Ruby opened and closed her mouth, as if trying to reshape her words. Color rose to her face, and one of the monitors began to beep more fervently.
The door swung open. “Granny? What’s that noise? Are you all right?”
Ross turned, an explanation on his lips. And found himself staring into the face of Lia Beaumont Pike.
ELEVEN
“Who the hell are you?” Lia said to Ross, or not-Lia, or whoever she was. She didn’t wait for an answer, though, before she stuck her head back out of the door and screamed for a nurse. Suddenly the room was crowded with hospital personnel, jockeying for position in front of Ruby’s bed and assuring themselves that she was not going into cardiac arrest again. Lia turned her attention to the medical team, soaking up their technical jargon like a sponge. She stood rigidly until the monitor began to sway to its simple rhythm again, the crisis passed. Only then did she let her shoulders relax, her hands loosen from fists.

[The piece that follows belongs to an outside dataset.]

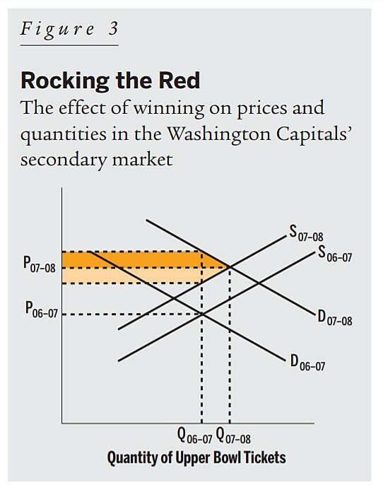 Figure 3 illustrates my interpretation of the results for upper bowl seats. The Caps’ improved play increased the demand for upper bowl seats in 2007-08, but also increased the opportunity cost of selling them, since sellers were giving up the opportunity to see better games.
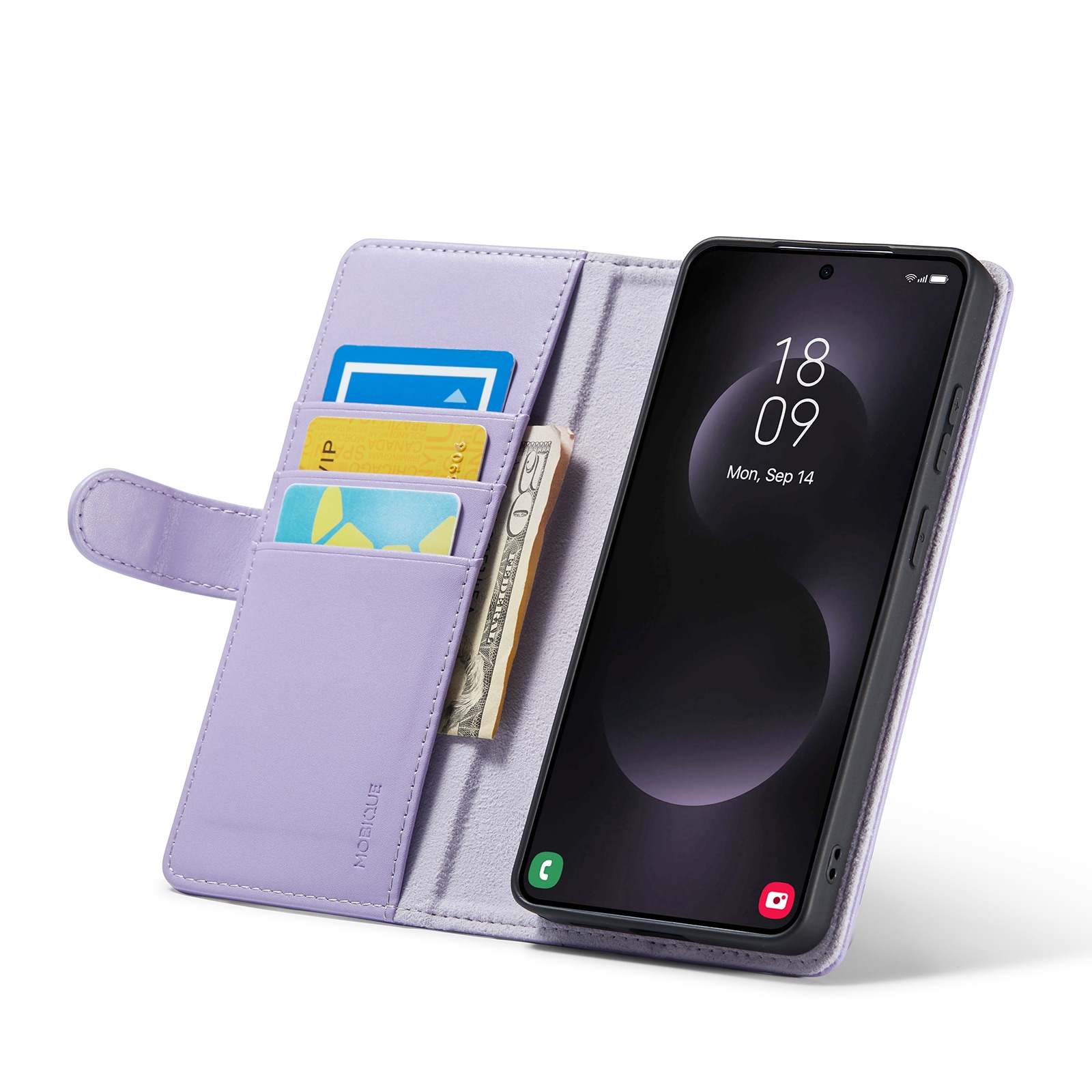 På udkig efter et lækkert læderetui til din Samsung Galaxy S26 Ultra? Så tjek dette fra Mobique! Det er ikke bare flot - det er også superpraktisk. Etuiet dækker hele mobilen, og indeni frontklappen finder du en rummelig pung. Der er plads til flere kort og lidt kontanter - perfekt, når du ikke gider slæbe rundt på en separat pung.

Ross slid out of the room, unnoticed. It wasn’t Lia. He knew this, because she didn’t recognize him. There were subtler differences too—this woman’s hair was longer, and curlier, more honey-colored than wheat. She had a little girl with her; there were fine lines of age bracketing her mouth. But those remarkable brown eyes were the same, and the sorrow in them.
She was too young to be Lia Pike’s daughter. But she was too much of a dead ringer for Lia to be anything but a direct relation.
The whitewashed nurses and doctors began to file out, a string of pearls. Ross peeked back inside the room. “He’s an old friend,” Ross heard, before the door swung shut and cleaved the conversation in two.
This much he knew: Ruby Weber was a liar. She was not an old friend of his.
And she had not left the Pikes without taking that baby.
Shelby learned that you cannot put out an APB on someone until they have been lost for twenty-four hours; that there are five major routes out of Burlington by car; that if you leave from the airport, you can get to Chicago, Pittsburgh, Philadelphia, New York City, Boston, Cleveland, or Albany.
And that 2,100 people are reported missing, daily.
Her brother being one of them.
She had not let go of his note, not since finding it five hours ago. The ink now tattooed the palm of her hand like hieroglyphs, a diary of loss. Eli had come at her call, and had promised to personally search every inch of Comtosook, and lean hard on the cops in Burlington. But Shelby knew that if Ross did not want to be found, he would simply make himself invisible.
Once when they were in high school, a football jock had killed himself by jumping off the edge of a gorge. The news had been all over the papers; guidance counselors had set up shop in the hallways of school; memorials of flowers and teddy bears decorated the site. Ross had wanted to go see where it happened. “Jesus,” he’d said, over the raging water and the broken rocks. “If you’re going to do it that way, you’re pretty sure.”
“How would you do it?” she had asked, with a morbid curiosity that, now, she could not believe they’d ever discussed. She also could not remember, although she’d tried so hard her head throbbed, how Ross had answered. Would he use pills, or a gun, or a knife? Would he lock himself in an anonymous motel room, jump from a train bridge, do it in his car?
When Ross had been in the hospital after the last suicide attempt, she had gone to visit him. Since he was doped up on medication, Shelby was certain he did not remember their conversation. “Try living on dry land,” Ross had said, “when you are a fish.”